- Keith Hickey

Three home wins. Five draws. Parity’s a bitch.

At least Vancouver fans will be happy.

After all the exciting buzz around the start of the season (“Soccer’s bigger than hockey if you squint like this and pretend games on FSC don’t get their asses handed to them in the ratings by the WNBA and reruns of Pawn Stars and if you act like Seattle is representative of the average attendance of rest of the league! I‘m totes serious, for realsies!” ), we had a painful reminder of how far MLS has to go.
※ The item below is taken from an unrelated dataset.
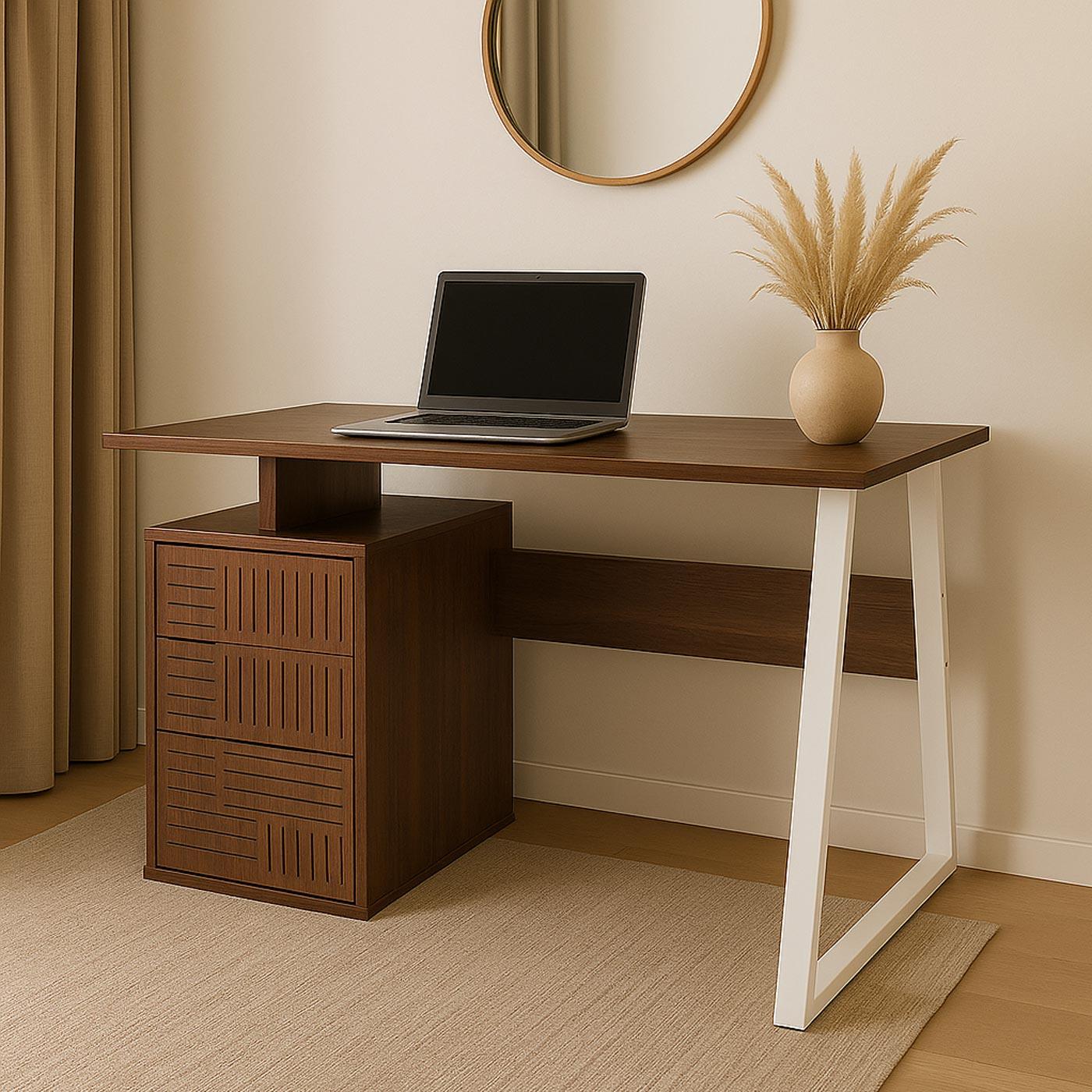 Es handelt sich um einen eleganten und sehr funktionalen Schreibtisch. Er verfügt über eine praktische Kommode mit einzigartigem Stil. Diese ist sehr praktisch, da Sie in den drei Schubladen Dokumente und verschiedene Accessoires aufbewahren können und diese immer griffbereit haben. Wie Sie sehen können, ist die Arbeitsfläche groß und geräumig, sodass Sie Bücher, Accessoires, oder Ihren Computer darauf abstellen können, um Ihre Arbeit zu erleichtern. Die Struktur besteht aus Metall und die kontrastierende Farbe verleiht ihr das gewisse Etwas.

We’ve all heard pundits say something along the lines of “Show this game to anyone who doubts that soccer is exciting and you'll make them a fan.” Well, if you had shown me a tape of Los Angeles v. Philadelphia when I was a kid, I probably would have taken up bird-watching or poetry or joined the glee club or something. That was a dire game. Peter Nowak can go on Extra Time Radio all he wants and tell Simon Borg how he wants his team to play attractive soccer, but by starting two defensive midfielders and Carlos Ruiz, he’s showing you exactly the type of cynical football he wants to play.
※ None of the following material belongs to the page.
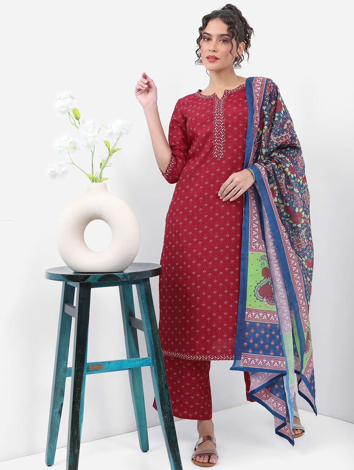 women printed kurta palazzo set with dupatta

And we might as well call Bruce Arena the soccer dementor. A DaveyBecks™ free kick gets redirected in, and he just sucks the soul out of a the game. After the soft red, he digs in like it’s Verdun and absolutely kills any hope of the least bit of excitement. Which as manager, is probably a sound strategy, but I was hoping for the lights to fail so everyone there could go home and watch paint dry for some mental stimulation.

Seattle continued their quest to get Sigi fired by twice giving up the lead against San Jose, who have quietly become one of the most likeable teams in the country. MLS originals, you have to sympathize with a fan base who have been screwed over so many times. They’ve also managed to build a playoff contender with a solid core of American players (Just six players currently on the Quakes' roster are foreigners, and one of them is on loan). They’re about as “plucky underdog” as you can get.
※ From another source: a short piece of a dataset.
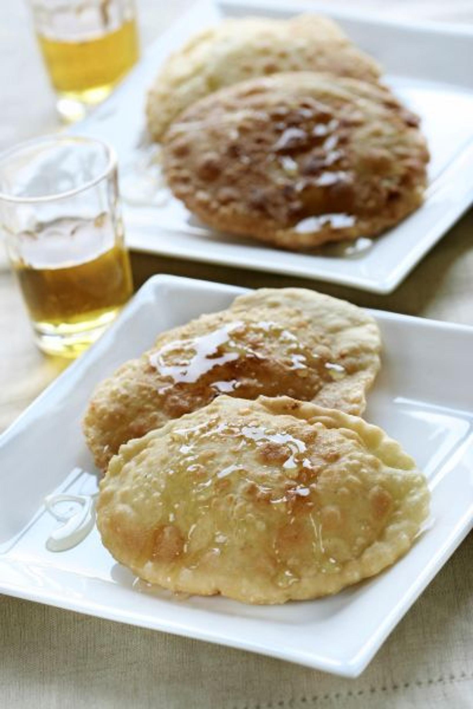 Hunajalla hunnutetut seadas-leivonnaiset kätkevät sisäänsä pecorino-juustoa.

New England, Toronto, and New York, (all Eastern Conference) drew at home with Portland (Western Conference expansion team, second to last place overall coming in), Chivas (Western Conference, last place overall coming in), and Houston (formerly Western Conference, last place in the East). Sporting Kansas City (Eastern Conference) gave up late goals against Vancouver (Western Conference expansion team) to draw 3-3. Los Angeles (Western Conference) beat Philadelphia (Eastern Conference). Colorado (Western Conference) beat D.C. (Eastern Conference). Real Salt Lake (Western Conference) and Chicago Fire (Eastern Conference) didn’t play, but you’d expect the Royals to win that because, well, they’re pretty damn good at soccer.

If you’re on an average team in the east, you’ll have a legitimate shot at the playoffs. If you’re on an average team in the West, hope you get traded to the East if you want to play postseason soccer.

Speaking of trades, that was great PR by New York to secure the acquisition of one of the best players in MLS history on April Fool’s Day. And just in case not everyone understood that the Red Bulls were a complete joke, the sub-14,000 attendance for DeRo’s first appearance will have hammered the point home.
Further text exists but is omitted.